In any event, let me bring you briefly up to speed and brighten (?) your day:

 

Maritime Labor Convention, 2006

 

Currently, the US Coast Guard is seeking comments on a draft Navigation and Vessel Inspection Circular (NVIC) that sets forth the Coast Guard’s policies and procedures regarding inspection of US vessels for voluntary compliance with the Maritime Labor Convention, 2006 (MLC 2006). The code actually enters into force in August of 2013. Your comments are due by 13 March.

 

In a nutshell, the MLC establishes comprehensive minimum requirements for working conditions of seafarers including, among other things, conditions of employment, hours of work and rest, accommodations, recreational facilities, food and catering, health protection, medical care, welfare, and social security protection. It combines rights and principles with specific standards and detailed guidance as to how to implement these standards at the national level. All of that sounds like something we would all like to think is already being done, but I suspect that the bottom line is going to be a lot thinner once “someone” verifies that you are in compliance. Count on it.

 

Beyond all the rest of it, and even though the U.S. has not ratified the MLC, the Convention contains a no more favorable treatment clause which requires ratifying governments to impose Convention requirements even on vessels from a non-ratifying government when calling on their ports. As a result, the Coast Guard insists that U.S. vessels not in compliance with the MLC may be at risk for Port State Control actions, including detention, when operating in a port of a ratifying nation.

 

Ballast water Treatment and Technology

 

Ballast Water Treatment & Technology in a nutshell: the IMO has enough countries but not the required percentage of the world’s fleet for ultimate ratification of their rule. The USCG rules are final and in place, the discharge standards are essentially identical to IMO. The process for USCG certification of BWMS is in place but no one has yet gone through it.

 

When the Coast Guard’s final rule on ballast water management became effective this past June, this momentous event perhaps signaled the end of one arduous journey for regulators, but the beginning of another for shipowners. The U.S. rule establishes discharge standards for living organisms which ballast water management systems (BWMS) must be able to satisfy. This so-called phase one standard closely conforms to the IMO’s version, bringing the dream of global standardization one step closer.
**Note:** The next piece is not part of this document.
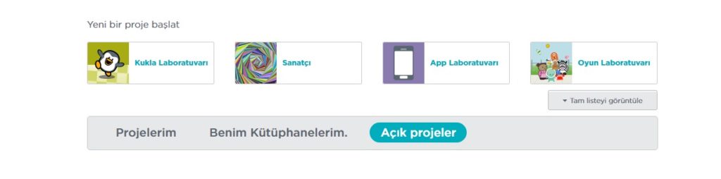Buradan çıkıp projeler kısmına girildiğinde açılan sayfadan yeni bir proje başlatabilen kullanıcılar aynı zamanda sitede daha önce üzerinde çalıştıkları projelere de buradan ulaşabilmekteler.

Despite delays by various governments, the IMO standard is widely expected to enter into force within the next two years. 

 

It is also not hard to understand why so few operators have, to date, installed BWMS on their vessels. The depressed state of global shipping markets over the past few years certainly has played a role. Not everyone has the reported average price of $1 million per ship needed to install the systems, and those who do, are reluctant to do so until they absolutely have to. Also lurking just around the corner is the separate, but equally important U.S. Environmental Protection Agency’s ongoing Vessel General Permit process, which also covers ballast water discharges. Adding to that uncertainty is the myriad of individual U.S. state mandates still in play and the specter of a stricter, U.S. Coast Guard (phase II) standard.

 

The U.S. Coast Guard’s certification of BWMS can take the form of an Alternate Management System (AMS), which gives a five year temporary window for flag approved systems, or permanent type approval. USCG Type approval will require (a.) that biological laboratory testing has been done AND (b.) shipboard tests as well. Applications for approvals will take about 60 days to get a verdict. If you’ve passed the testing, then type approval is possible. If not, technologies will need to go the AMS route. And, it is important to note that once a ballast water management system has been approved by the Coast Guard and made available for certain classes, types or a specific vessel, then vessels will no longer be able to install AMS in lieu of type approved system(s).

 

The five-year period is designed to provide the BWMS manufacturer time to obtain USCG approval.  Any vessel using an AMS must still comply with the terms and conditions of the U.S. EPA Vessel General Permit (VGP). The proposed 2013 VGP already contains discharge limits similar to the IMO D-2 standard.

 

The 600-pound gorilla in the room, however, is the reality that if you wait too long to decide on a system and have it installed, you could be paying double the price because manufacturing capacities can’t possibly keep up with the demand of as many as 50,000 vessels all needing the systems at once. You might not be able to get the system at all.

 

Subchapter M Rules

 

Pending USCG Subchapter “M” (SubM) regulations will eventually require towing operators to implement safety standards and use safety management systems, or alternatively, allow for an annual Coast Guard inspection regime. The new rules are expected to allow towing vessel organizations to customize their approach to meeting the requirements, while providing oversight using audits, inspections, and reviews of safety data. As many as 5,000 vessels and their operators will eventually feel the impact of the so-called subchapter M rules. Today, almost 1,800 domestic towing vessels do not participate in any formal industry safety schemes.

 

With the final language not yet determined, the ultimate cost of this far-reaching mandate is unknown. On the other hand, the October 2012 edition on MarineNews magazine lays out nicely (I don’t know if that is the best word, in this particular case) the potential costs of eventual compliance. The numbers are staggering. And, while I’ve had one or two folks come back to me and my author (David English) to question a number here or a statistic there, no one doubts that the impact – especially for barge companies currently operating without an existing Safety Management System (SMS) – could reach as much as $350,000. And that number doesn’t even include the cost of needed equipment upgrades.

 

The Confluence of Three New Rules

 

With the final application of at least two of three new rules not yet sharply defined, operators have a lot to be concerned about. Beyond this, the U.S. Coast Guard will also have its hands full trying to keep up with the enforcement of the coming regulations. Clearly, they do not have the manpower to do it themselves. Arguably, the in-house expertise is not there, either. Look for the classification societies and other “recognized” industry experts, consultants and surveyors to play a larger role in the coming years.

 

I have said it before and it is worth mentioning again: Never has there been an era of regulatory reform as significant as this one for the maritime industry. I also can’t think of another industry – okay, maybe the offshore energy sector, but they’re part of our world, too – that is today facing similar challenges. At best, these are exciting times. On the other side of the coin, regulatory pressures threaten the very existence of some companies and may spur a new wave of consolidation, mergers and indeed, exits from the industry.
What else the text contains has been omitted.